Just as we decomposed XOR into hidden neurons in the motivation chapter, forward propagation is the mechanism that computes those intermediate values ( $h_1$ , $h_2$ ) and finally the output. It's the first step of every training iteration.

Think of it like water flowing through pipes:

Input enters at one end
Pipes (weights) control how much flows where
Junctions (activation functions) decide what gets passed forward
Output emerges at the other end

The Single Neuron Computation

Before understanding an entire network, let's start with one neuron.

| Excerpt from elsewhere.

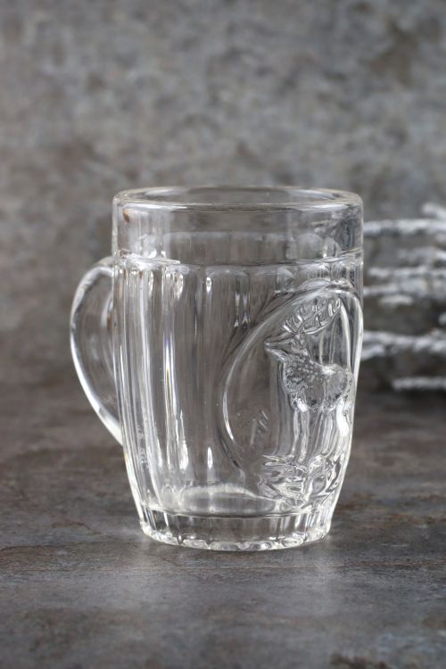 Szklany kufelek z małpką wykonany w Hucie Szkła Gospodarczego “Ząbkowice”.

A single artificial neuron performs two simple operations:

Step 1: Linear Combination

First, the neuron computes a weighted sum of its inputs and adds a bias:

z = w_1x_1 + w_2x_2 + \ldots + w_nx_n + b = \sum_{i=1}^{n} w_ix_i + b

Where:

$x_i$ are the input values
$w_i$ are the weights (learned parameters)
$b$ is the bias (also learned)

Step 2: Activation Function

Then, it applies an activation function to introduce non-linearity:

a = \sigma(z) \quad \text{or} \quad a = \text{ReLU}(z) \quad \text{or} \quad a = \tanh(z)

The activation function we choose—from the previous chapter—determines how the neuron "fires."

For a single neuron, forward propagation is simply:

\text{predicted output} \; \hat{y} = a = \text{activation}\left(\sum_{i} w_ix_i + b\right)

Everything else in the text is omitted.